Human ‘pangenome’ could usher in better therapies


It’s been 20 years since the Human Genome Project published its first blueprint of human gene sequences, starting a new era of medical research, but now scientists have gone one better.

Enter the pangenome, a map that tackles one of the key limitations of the first iteration – namely, its lack of diversity, as most of the sequencing was done on DNA from one American male with European and African ancestry. It also covered around 92% of genetic material, with the remainder uncharted.

The first draft of the pangenome fills in those missing sections of the map, but also covers distinct genomes from 47 individuals from a diverse range of ancestries from all continents in the world, with the exception of Antarctica.

There’s more to come as well, with the researchers behind the effort planning to increase the number to 350 individuals by the middle of next year, and extend the work even further through collaborations with scientific organisations around the world.

The payoff will be the ability to “accelerate clinical research by improving our understanding of the link between genes and disease traits,” according to Yale University scientist Wen-Wei Liao, co-first author of the paper.

That, in turn, could lead to new therapies that will be effective for a wider range of people and diagnostics that will work regardless of an individual's racial or ethnic heritage. The work ties in with other initiatives, for example, trying to ensure that a higher diversity of subjects are recruited into clinical trials.

The pangenome project – published in the journal Nature – relies on the use of advanced computational techniques to align the various genome sequences from the subjects, coming up with a map that represents many different versions of the human genome sequence at the same time, and according to the researchers covers more than 99% of the genome with more than 99% accuracy.

By numbers alone, it adds 119 million base pairs – the building blocks of DNA – to the library of 3.2 billion previously known base pairs that make up the human genome.
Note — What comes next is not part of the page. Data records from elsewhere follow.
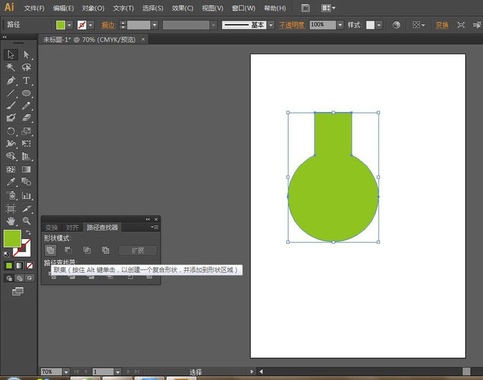 选择两图形,执行效果-路径查找器-联集,将图形结合在一起。
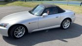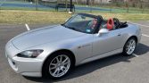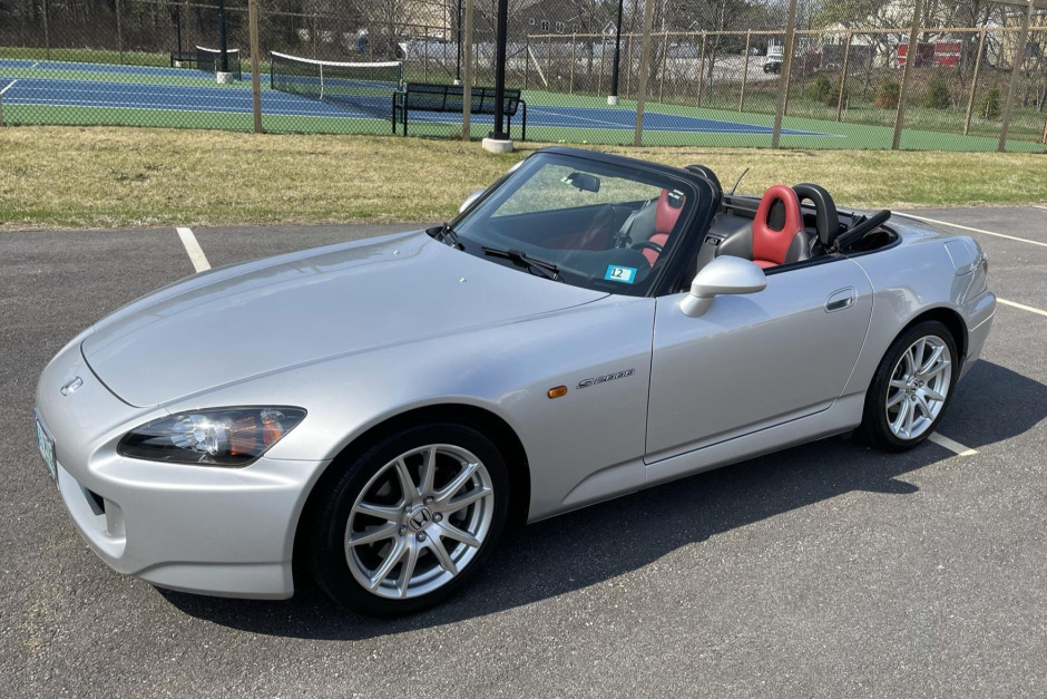 This 2005 Honda S2000 is finished in silver over red and black leather and powered by a 2.2-liter inline-four paired with a six-speed manual transmission. Equipment includes a black convertible top, a limited-slip differential, xenon headlights, air conditioning, cruise control, and a factory CD stereo. Maintenance under current ownership has consisted of a valve adjustment, fluid service, and replacement of the spark plugs and ignition coils.
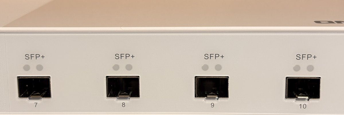 而右側則是重頭戲,4 個 10GbE SFP+ 光纖埠。這 4 個高速通道正是打造「核心骨幹」的關鍵,無論是用來連接 QNAP NAS、虛擬化伺服器,還是透過 DAC (Direct Attach Cable) 進行堆疊串接,都能提供毫不妥協的頻寬。
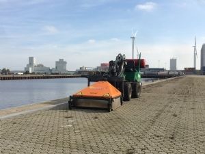 Vernieuwde Hoaf Weedair 100 Op GTH is de verbeterde versie van de Weedair 100 voor het eerst getoond door Hoaf Infrared Technology. De beschermkap is vernieuwd en geeft door de aflopende kap beter zicht op het onkruid. Nieuw is de sterke zijwaartse luchtstroom aan de rechterzijde. De zijbrander is voorzien van een elektrisch aangedreven ventilator die zorgt voor een intense temperatuur in combinatie met een krachtige luchtstroom. De krachtige luchtstroom zorgt ervoor dat de zijbrander niet vertragend werkt op de hoofdbrander. De zijbrander werkt net als de hoofdbrander in de dampfase en wordt separaat ontstoken en bewaakt met een branderautomaat. Zoekende na verbod glyfosaat Hoveniersbedrijf De Brekeld was zoekende naar de juiste onkruidbeheersingsmethode en verschillende behandelingstechnieken. Herman Manenschijn van De Brekeld is er van overtuigd dat de oplossing gezocht moet worden in de combinatie van mechanisch en thermisch. Voor het verbod van glyfosaat op verharding werd er al geëxperimenteerd met een borstel unit op een Giant minilader. In het voorjaar van 2017 kwam men tot de conclusie dat alleen borstelen niet het gewenste resultaat gaf. Na een aantal uitvoerige testen met heet water en infrarood, heeft Manenschijn gekozen voor de Hoaf Weedair 100 hetelucht unit. 'De 700°C warme lucht die vrij komt, bereikt wel de plekken tussen klinkers, daar waar de borstel niet kwam. Ook was de goede prijskwaliteit verhouding een doorslaggevende factor.' De hoge temperatuur van de Weedair 100 zorgt er voor dat veel onkruidzaden op het oppervlak worden gedood. Volgens Menno Looman van Hoaf wordt dit aspect vaak onderschat.
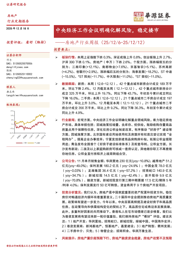 【华源证券】【202512】中央经济工作会议明确化解风险,稳定楼市-17页
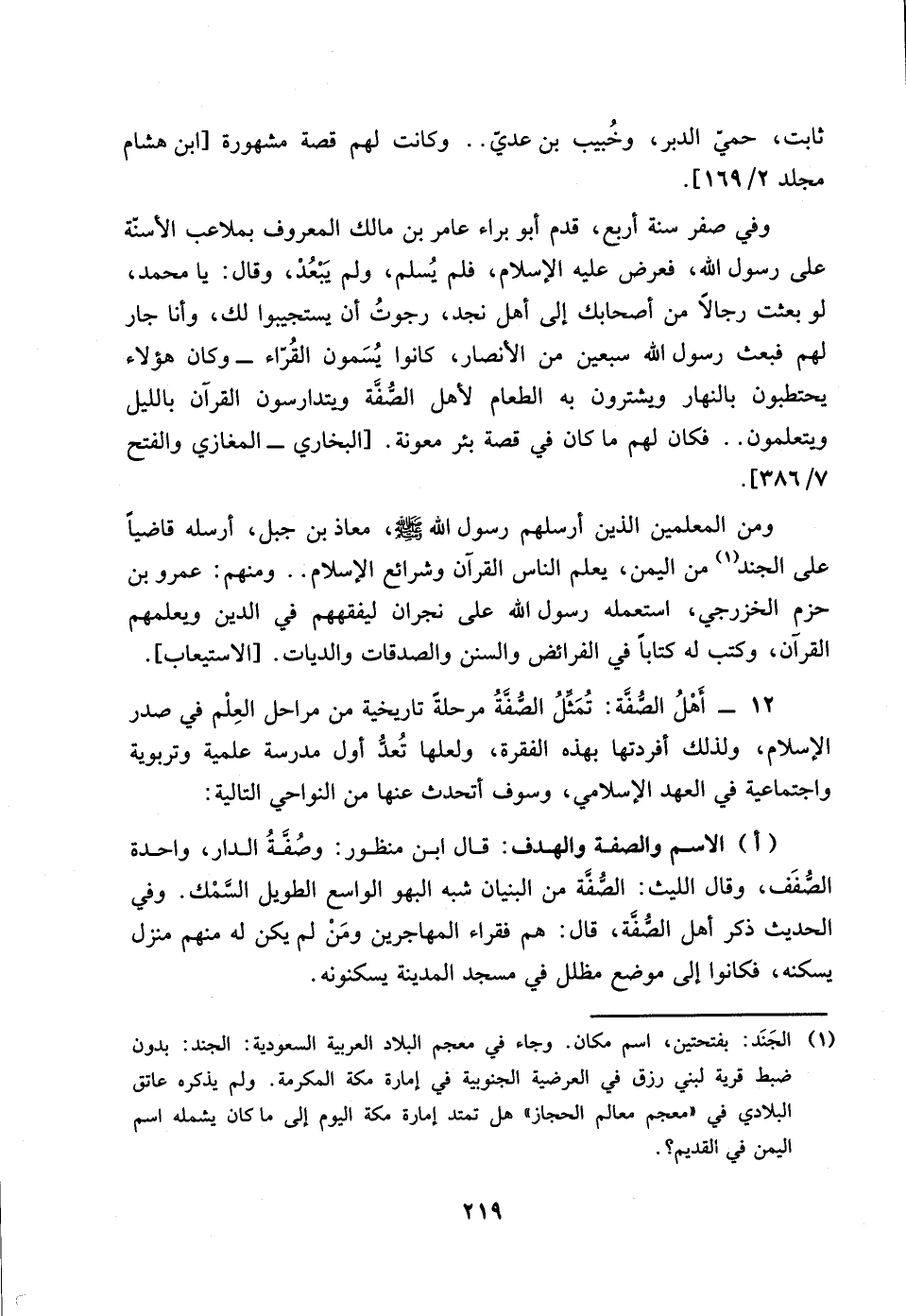 12 ـ أهل الصفة: تمثل الصفة مرحلة تاريخية من مراحل العلم في صدر الإسلام، ولذلك أفردتها بهذه الفقرة، ولعلها تعد أول مدرسة علمية وتربوية واجتماعية في العهد الاسلامي، وسوف اتحدث عنها من النواحي التالية:
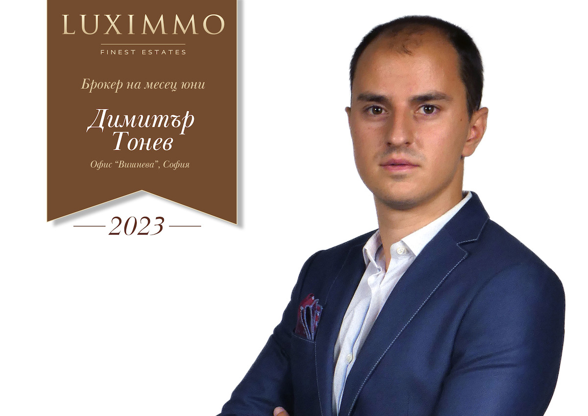 Развълнувани сме да поздравим и Константин Калъчев за изключителните постижения през месец юни! За него без колебание можем да споделим, че е олицетворение на професионализъм, който гарантира винаги отлични резултати. Прецизен, надежден и ориентиран към детайлите, той прави дори невъзможното възможно, когато става въпрос за осигуряване на най-добрите сделки за клиентите, които му се доверяват. Разгледайте цялото портфолио на Константин Калъчев тук!

Crucially, it will also allow researchers to identify larger genomic variants called structural variants more accurately, thanks in part to advances in long-read DNA sequencing, technology which can read longer stretches of the DNA at a time.

Structural variants are important to molecular biology and medicine, as they play a role in various diseases and regulation of gene expression, amongst many other functions.

Mobin Asri of the University of California Santa Cruz, also co-first author of the paper, said the pangenome will make it possible to “find variants that were not identified using previous methods that depend on linear reference sequences.”

“Basic researchers and clinicians who use genomics need access to a reference sequence that reflects the remarkable diversity of the human population,” said Eric Green, director of the National Human Genome Research Institute (NHGRI) in the US that funded the work.

“This will help make the reference useful for all people, thereby helping to reduce the chances of propagating health disparities,” he added.

“Creating and enhancing a human pangenome reference aligns with NHGRI’s goal of striving for global diversity in all aspects of genomics research, which is crucial to advance genomic knowledge and implement genomic medicine in an equitable way.”